April 24, 2015

The role of the church in fighting poverty

David Cay Johnson, Al Jazeera America - Nearly 1 in 5 Americans is now officially classified as poor. This fact naturally raises a question: Where are the religious leaders whose scriptures tell them that caring for their 60 million impoverished neighbors is their central moral duty?

I posed this question at a tax conference in New York City this week to one of the leaders in the small Christian movement focused on the role taxes play in creating inequality. She shrugged. “The church always leads from behind,” she said.

But this may be beginning to change. The awful realities of worsening poverty in America amid overwhelming abundance at the top are becoming harder to ignore, especially those tasked with following Jesus’ teachings.

For Catholics, poverty, inequality and government policies that take from the many to benefit the rich are under discussion because of Pope Francis, who last July said, “Poverty is at the center of the gospel.”

Asked by a British journalist whether he was preaching communism, the pope said that centuries before Marx, communal sharing was the Christian standard and that today, “the communists have stolen the flag. The flag of the poor is Christian.”

Now, after years of study and debate, the ninth-largest Protestant denomination, the Presbyterian Church USA, has come out with a detailed report that ties the religious duty of believers and government tax policy.

Calling taxation “a fundamental part of a moral society’s answer to poverty and its close relatives — inequality, economic insecurity and social immobility,” the report says the church’s 2.7 million members should work to devise a just tax system.

... To many major American religious organizations, poverty is a personal matter, not one requiring involvement with government policy. The largest protestant denomination, the 16-million-member Southern Baptist Convention, for example, issued a brief statement on poverty 28 years ago and various other statements over the years. A glossy 2013 brochure makes just one mention of poverty and the $1.1 million in food that Southern Baptists donated annually to poor Americans.

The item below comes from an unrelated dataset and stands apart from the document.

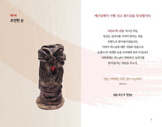 이경희 작가의 테라코타 작품과 『십자가를 품다』 함께 묵상하는 십자가의 길 기도서이다. 글은 이경희 에드부라가 작가와 나영훈 안토니오 신부가 함께 썼다. 이 『십자가를 품다』는 예수님께서 하느님 아버지의 뜻이 이루어지기를 바라시며 사형 선고를 받으신 제1처 ‘처연한 손’에서 시작되었다고 한다. 그리고 책임이나 의무처럼 십자가를 짊어지는 것에서 나아가, 품속에 넣거나 가슴에 끌어안는 ‘품다’라는 의미를 알아 가는 작업 과정이 행복하였다고 작가는 소회를 전한다. 받아들이고자 하는 일은 그만큼 힘든 일이지만 끝까지 할 수 있는 힘과 결실도 함께 주신다는 것을 14처 작품이 완성될 때 경험하게 해 주신 주님의 은총이었다.. 기도하며 만들어진 십자가의 길 한 처 한 처를 묵상하며 걷다 보면 하느님의 은총 안에서 예수님의 수난과 고통, 깊은 사랑과 행복을 모든 신앙인에게 힘이 되어 지길 희망합니다 [조형 예술학 박사 이경희 에드부르가]

...Government rules today favor the wealthy at the expense of everyone else. So who can organize people to push for changes in government policy that will reduce poverty and extreme inequality?

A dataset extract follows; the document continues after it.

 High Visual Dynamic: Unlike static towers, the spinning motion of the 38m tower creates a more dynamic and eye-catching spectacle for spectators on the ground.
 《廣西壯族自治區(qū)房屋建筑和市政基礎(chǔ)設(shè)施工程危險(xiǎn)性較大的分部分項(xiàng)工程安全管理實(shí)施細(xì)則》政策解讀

The University of Chicago Divinity School’s Myriam Renaud provided an answer recently:
The only remaining, major, organized institutions in the U.S. with enough scope and moral authority to launch efforts to reverse this country’s growing income and wealth inequality are the religions. Other institutions have waned; today’s labor unions represent only 7 percent of private sector employees. Delays matter: As income inequality increases, more children are going to bed hungry.

1 comment:

Anonymous said...

Economic equality is justice is The Golden Rule made manifest - and nothing else is.

But pigs will fly and hell will freeze over before liberals and progressives become Egalitarians.

Love David Cay Johnston - his eye-popping books should be required reading for all usamericans.

Henry George, who loved Humanity and wished us well, thought religion was the only thing powerful enough to change minds to be for justice in wealth-getting.

Nobody suspects the truth - which is that Economic equality would make everyone richer. With economic equality/justice, 99% would be richer in money and 100% would be richer in safety, security, peace, happiness.

Giving up the 'right' to get money you didn't self-earn = giving up the 'right' to be forced to fund overpay others get.

Delays matter - WORD!

We are billions with trillions starving millions of working poor every year.

Where oh where is our proper SHAME for our rancid acquiescence to the master-slave tyranny we go to bed with every night??